In the gold rushes of the 19th century, a popular adage emerged: “When everyone is digging for gold, it’s good to be in the shovel business.” Just as miners needed picks and shovels, today’s AI-driven enterprises require certain foundational tools and infrastructure to power them. For an enterprise tech VC, there’s a compelling case to be made for investing in these essential tools of AI.
The Appeal of Infrastructure
- Use Case Agnostic: AI applications can deliver tremendous value in a variety of use cases and industries. Companies that create AI tools and infrastructure cater to a vast array of sectors. Whether it’s healthcare, finance, or e-commerce, these foundational tools have broad applicability.
- Consistent Demand: While AI applications may be subject to trends and market shifts, the tools that power them remain consistently in demand since they serve a range of applications.
- Recurring Revenue: Many AI infrastructure businesses are built on subscription or licensing models, offering more predictable, long-term revenue streams.
Infrastructure Categories That Run AI
As the industry matures, established incumbents such as Databricks, which is a SineWave portfolio company, have started to consolidate around capabilities that enable enterprises to efficiently and securely deploy AI. With their existing capabilities and the recent acquisition of Mosaic ML, they have made bets that allow them to capture a large part of the AI infrastructure value chain. However, several areas of opportunity exist for innovative startups.
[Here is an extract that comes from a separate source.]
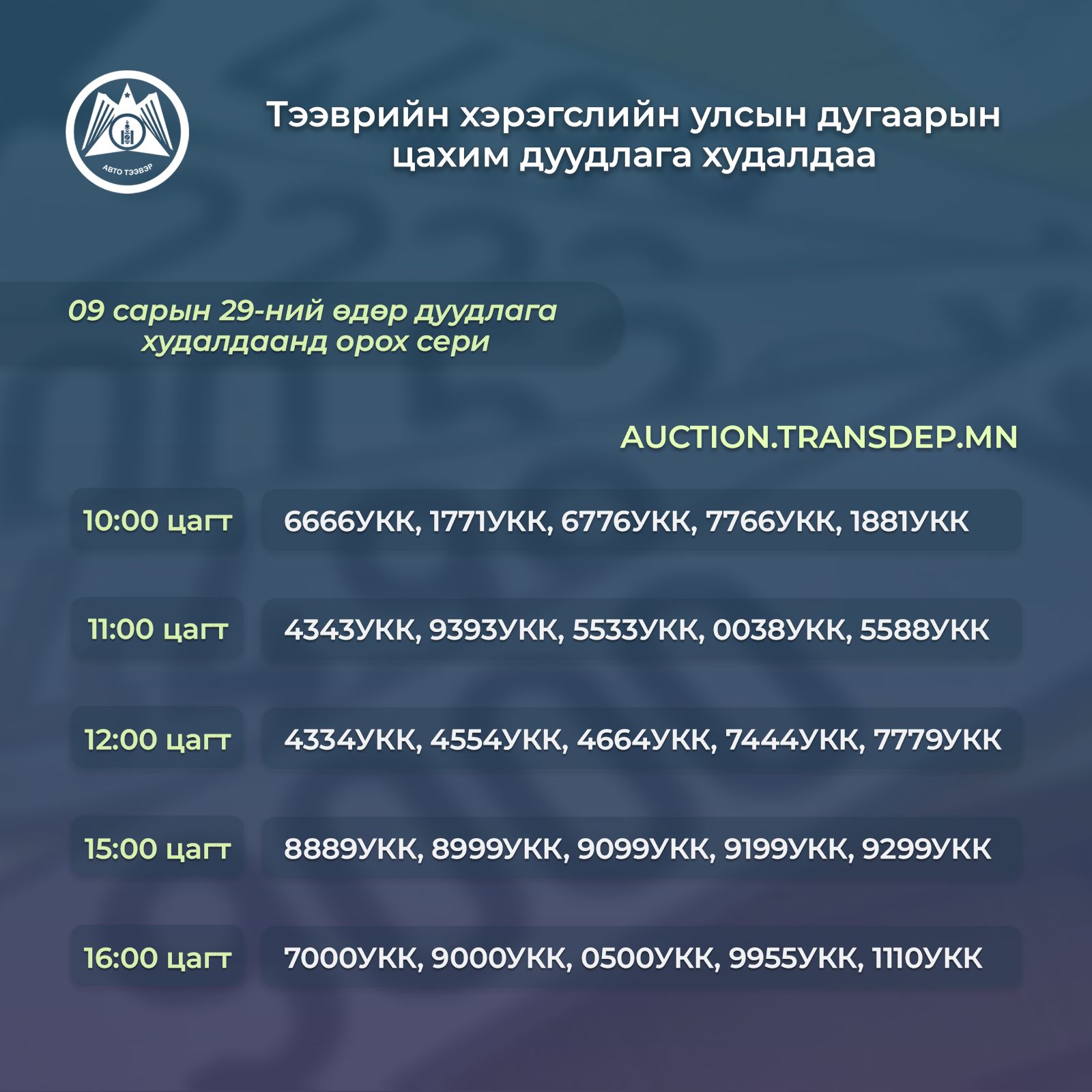 Автомашины азын дугаарын дуудлага худалдаа өнөөдөр буюу есдүгээр сарын 29-ний өдөр 10:00, 11:00, 12:00, 15:00, 16:00 цагуудад зохион байгуулагдана.

- Compute Power: Training AI models, especially deep learning ones, requires tremendous computational power. Specialized hardware, such as GPUs and TPUs, have become the workhorses of AI, with companies like NVIDIA and Google leading the way. SineWave portfolio company, Rescale, has grown rapidly by helping customers deploy complex simulations on high-performance computing. While another portfolio company Paperspace was recently acquired by Digital Ocean because of its ability to abstract the complexity of cloud computing for machine learning applications.
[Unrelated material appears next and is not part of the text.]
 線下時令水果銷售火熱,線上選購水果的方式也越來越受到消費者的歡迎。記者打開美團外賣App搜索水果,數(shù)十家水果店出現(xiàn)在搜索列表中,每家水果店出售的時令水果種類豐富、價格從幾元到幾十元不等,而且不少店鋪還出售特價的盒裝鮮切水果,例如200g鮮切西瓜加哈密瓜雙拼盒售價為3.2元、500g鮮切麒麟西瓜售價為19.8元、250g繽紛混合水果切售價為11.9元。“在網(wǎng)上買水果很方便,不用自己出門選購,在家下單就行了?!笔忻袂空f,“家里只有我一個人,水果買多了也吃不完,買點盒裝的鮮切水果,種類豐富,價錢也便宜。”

- Data Storage and Management: The lifeblood of AI is data. Modern AI demands efficient data storage, retrieval, and management solutions. Major cloud service providers offer solutions tailored to high-volume, high-velocity data needs. However, there remain several opportunities in the domain of specialized data generation. Raw data is messy. Before it’s ready for AI, it often needs cleaning, labeling, and structuring. Platforms like DataRobot and Scale AI provide these essential data-prepping tools.
- Data Provenance Tools: The use of large amounts of data creates the need to have complete trust in the authenticity and security of data.
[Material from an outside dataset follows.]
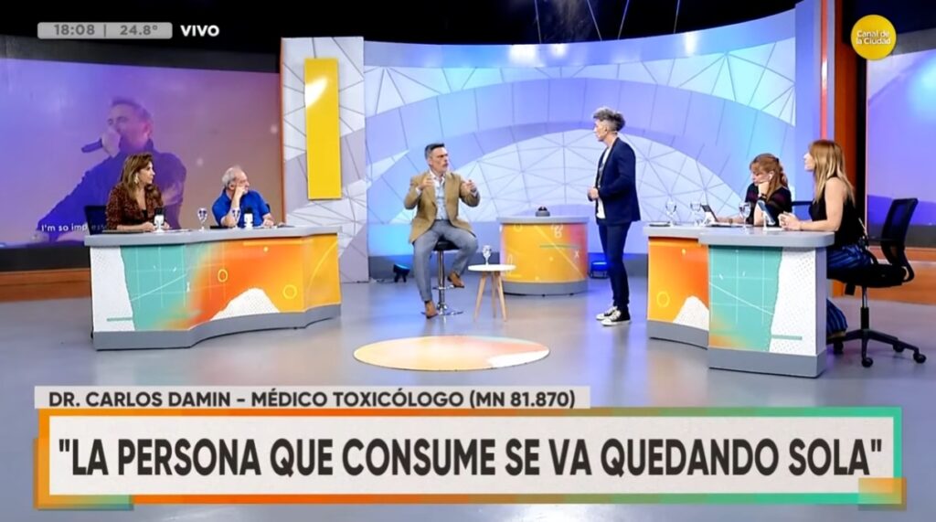 El video se centra en el consumo de drogas y la reducción de daños, con la participación del Dr. Carlos Damin, toxicólogo, y Juan M. Belvedere, excoordinador del proyecto PAF.

- Model Deployment and Monitoring: Once trained, AI models need to be deployed and monitored in real-time to ensure optimal performance and minimize model drift.
- Collaboration Tools: AI is a team sport. Tools that facilitate collaboration between data scientists, engineers, and domain experts are pivotal. Platforms like Hugging Face have stepped up to this challenge, offering communal spaces to share, tweak, and discuss models.
Navigating the Future of AI Investments
While the spotlight often shines brightest on the latest AI innovations and applications, it’s the underlying tools and infrastructure that make these innovations possible. From SineWave’s perspective, investing in these picks and shovels offers not just a stake in one company or application but a piece of the broader AI ecosystem. The AI gold rush is undoubtedly upon us, and sometimes, the most lucrative opportunities lie not in the gold itself but in the tools that unearth it.